Author: Adam Florence <aflo...@acm.org>
Organization: Cornell Univ. CS Dept, Ithaca NY 14853
Date: Fri, 31 Oct 1997 16:42:17 -0500
Michael O'Donnell wrote:
> Once upon a time I devised a simple (if devious) and apparently
> bulletproof (hah!) algorithm for generating RoundRobin tournament
> schedules (arranging an arbitrary number of contestants in pairs,
> pitting each against the other exactly once in a series of rounds
> with nobody ever sitting idle) but now I've heard that this
> problem is supposed to be either very hard or even unsolvable (NP
> complete?). Since I can't believe that a math-ninny like me has
> achieved anything notable in this discipline I'm looking for
> confirmation that this problem is indeed just another simple,
> oft-solved puzzle, and not actually difficult for anyone but me...
>
> As seeming confirmation of its supposed difficulty I have found:
> http://hermes.dis.uniroma1.it/~aschaerf/abstracts/ecai-96.html
> but I have not actually looked at a copy of the proceedings
> described therein.
>
> Regards,
> -------------------------------------------
> Michael O'Donnell m o d @ s t d . K o m
> -------------------------------------------
>
> P.S. If replying via email please note the e x p a n d e d
> address supplied in my signature line, where K=c
I have an algorithm for generating a schedule. The algorithm is
quadratic, so
this problem is certainly not NP hard or NP complete. The algorithm took
me 3
days to come up with, so I also wouldn't say it's trivial. My algorithm
is
given in the function "roundrobin", below.
I coded up the algorithm in C. It asks you for the number of teams, then
prints out the schedule.
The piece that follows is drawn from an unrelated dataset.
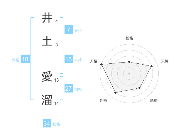 井土 愛溜さんを姓名の画数から五運を鑑定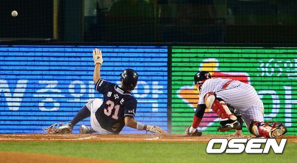 16일 오후 잠실구장에서 열린 '2013 한국야쿠르트 세븐 프로야구' LG 트윈스와 두산 베어스의 플레이오프 1차전, 1회초 무사 1,3루에서 두산 최준석의 내야땅볼 때 LG 정성훈의 송구 실책으로 3루주자 정수빈이 홈에서 세이프 되고 있다.

Just to make sure that the schedule is correct,
another function checks its validity.
Suppose there are n teams. If n is even, then the schedule has n-1
rounds. If
n is odd, then the schedule has n rounds, and each team is idle in
exactly one
round. For example, if n = 10, then the schedule is
team
\ 1 2 3 4 5 6 7 8 9 10
round \............................................................
1: 10 9 8 7 6 5 4 3 2 1
2: 6 10 9 8 7 1 5 4 3 2
3: 2 1 10 9 8 7 6 5 4 3
4: 7 3 2 10 9 8 1 6 5 4
5: 3 4 1 2 10 9 8 7 6 5
6: 8 5 4 3 2 10 9 1 7 6
7: 4 6 5 1 3 2 10 9 8 7
8: 9 7 6 5 4 3 2 10 1 8
9: 5 8 7 6 1 4 3 2 10 9
To read the schedule, notice that each round is listed in a row. So, in
round
1, team 1 plays team 10, team 2 plays team 9, team 3 plays team 8, team 4
plays team 7, and team 5 plays team 6. In round 2, team 1 plays team 6,
team 2
plays team 10, etc.
If n = 11, the schedule is:
team
\ 1 2 3 4 5 6 7 8 9 10 11
round \..................................................................
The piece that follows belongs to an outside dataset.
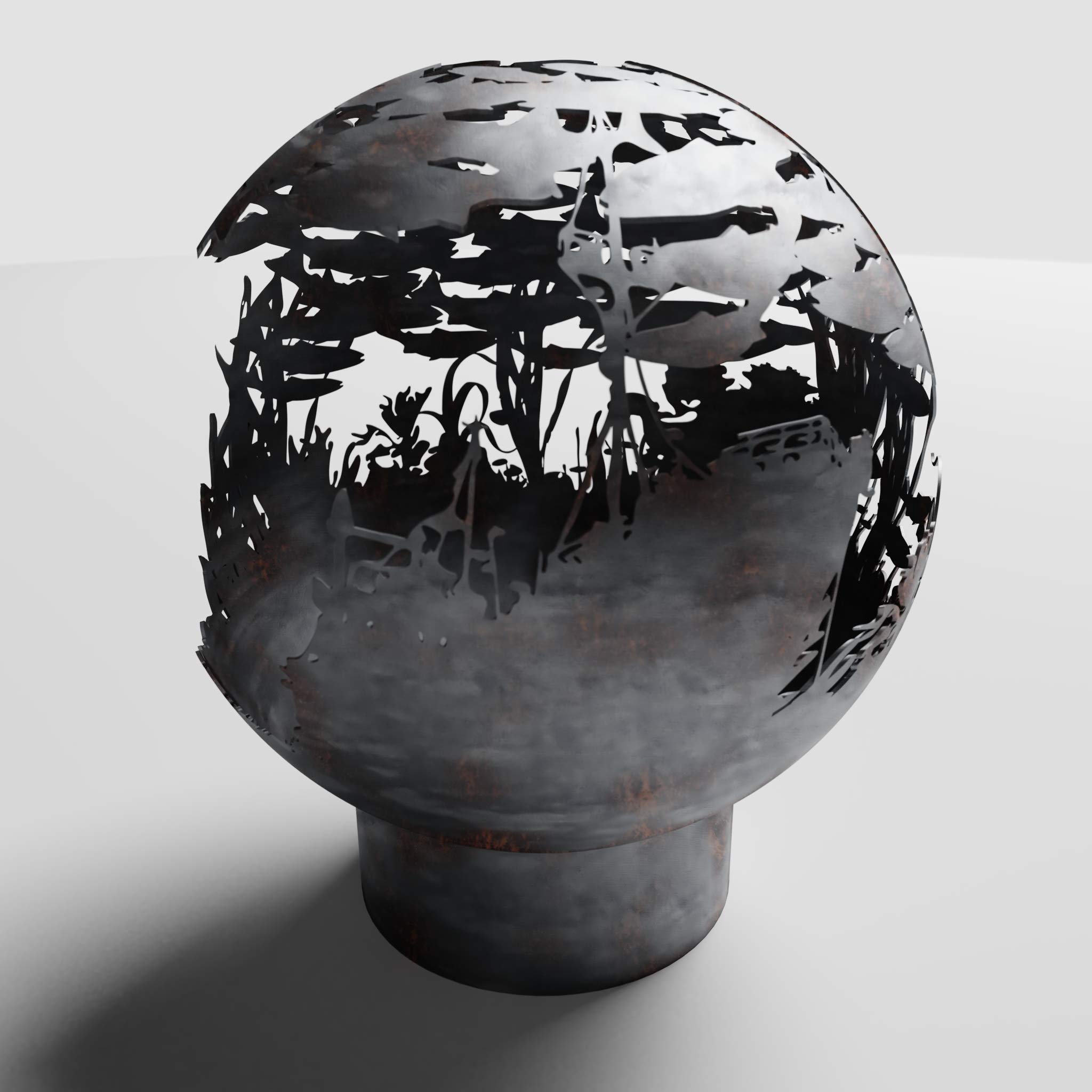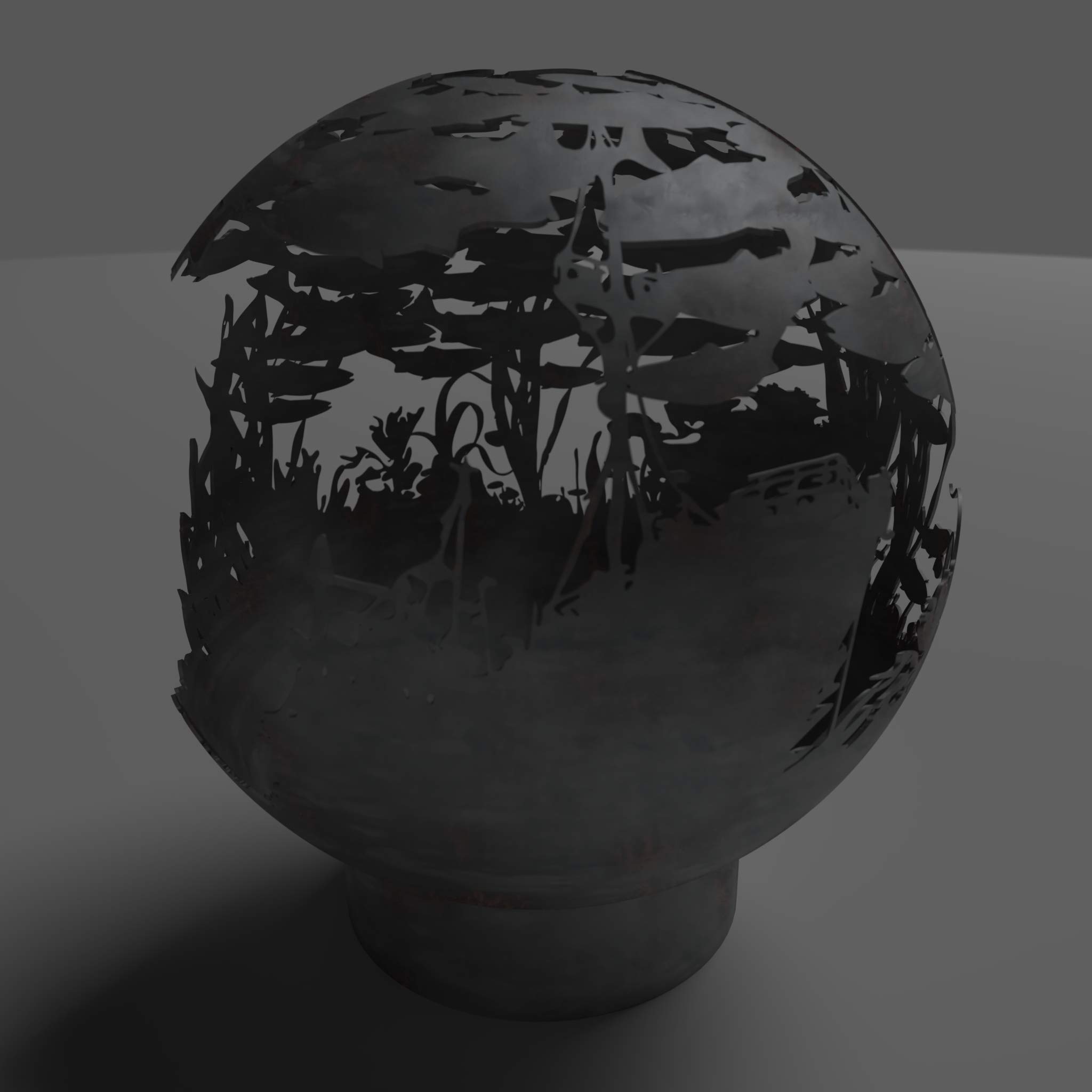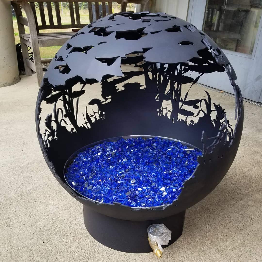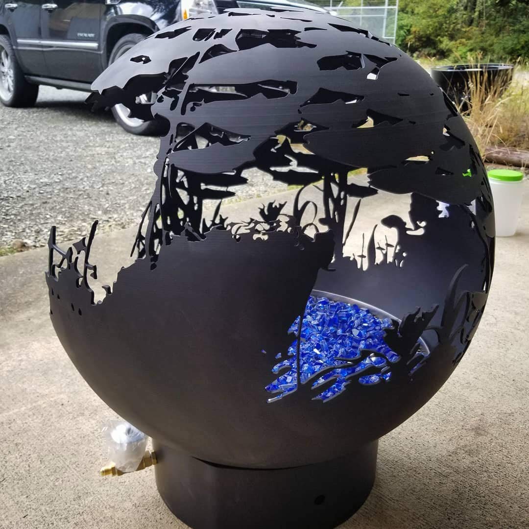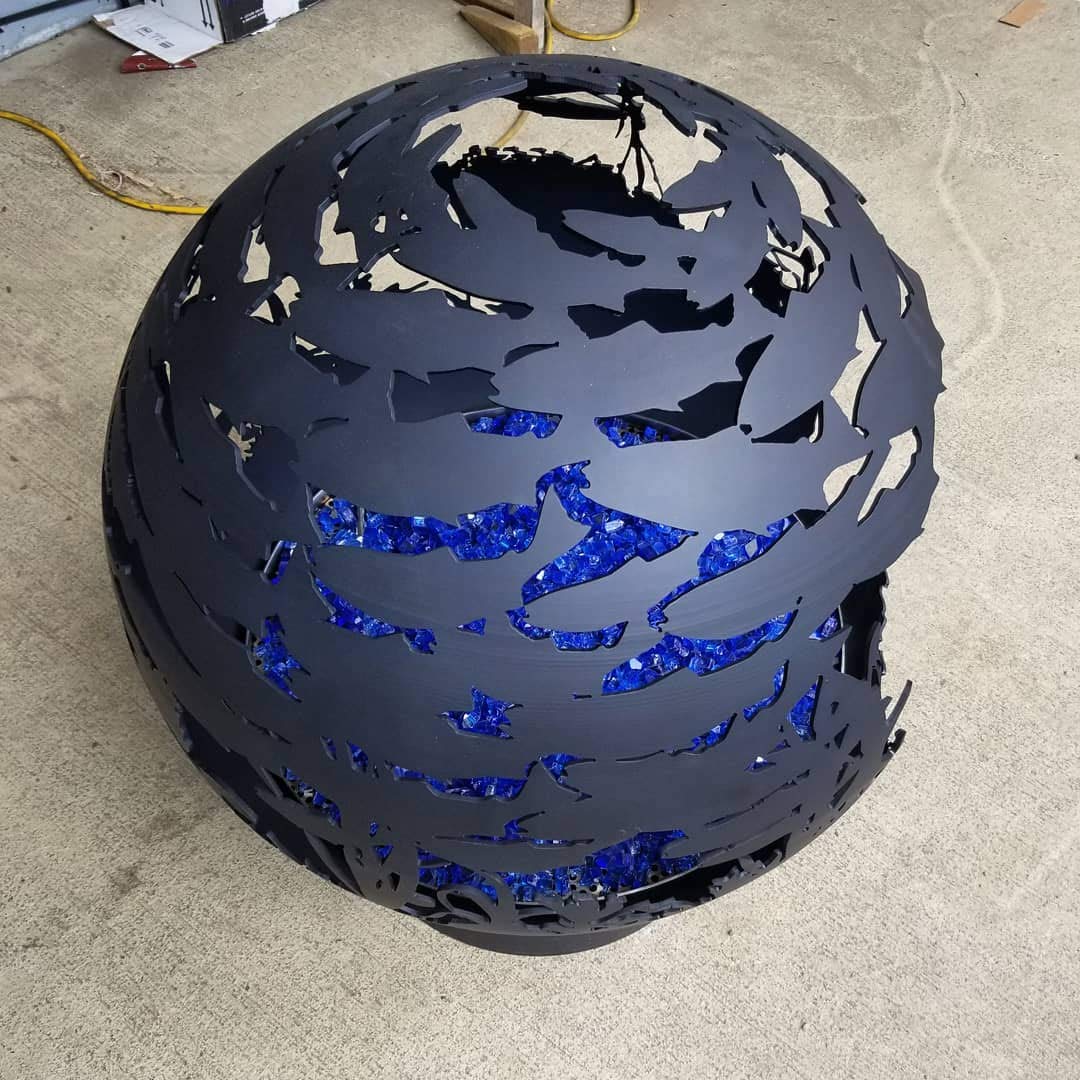 Spherical firepit available nicht“ or 37″ sizing featuring a school of salmon swimming through coastal waters

1: 0 11 10 9 8 7 6 5 4 3 2
2: 7 0 11 10 9 8 1 6 5 4 3
3: 2 1 0 11 10 9 8 7 6 5 4
4: 8 3 2 0 11 10 9 1 7 6 5
5: 3 4 1 2 0 11 10 9 8 7 6
6: 9 5 4 3 2 0 11 10 1 8 7
7: 4 6 5 1 3 2 0 11 10 9 8
8: 10 7 6 5 4 3 2 0 11 1 9
9: 5 8 7 6 1 4 3 2 0 11 10
10: 11 9 8 7 6 5 4 3 2 0 1
11: 6 10 9 8 7 1 5 4 3 2 0
A team being idle is indicated by the schedule listing that it plays team
number 0. Notice that team 1 is idle in round 1, team 2 in round 2, etc.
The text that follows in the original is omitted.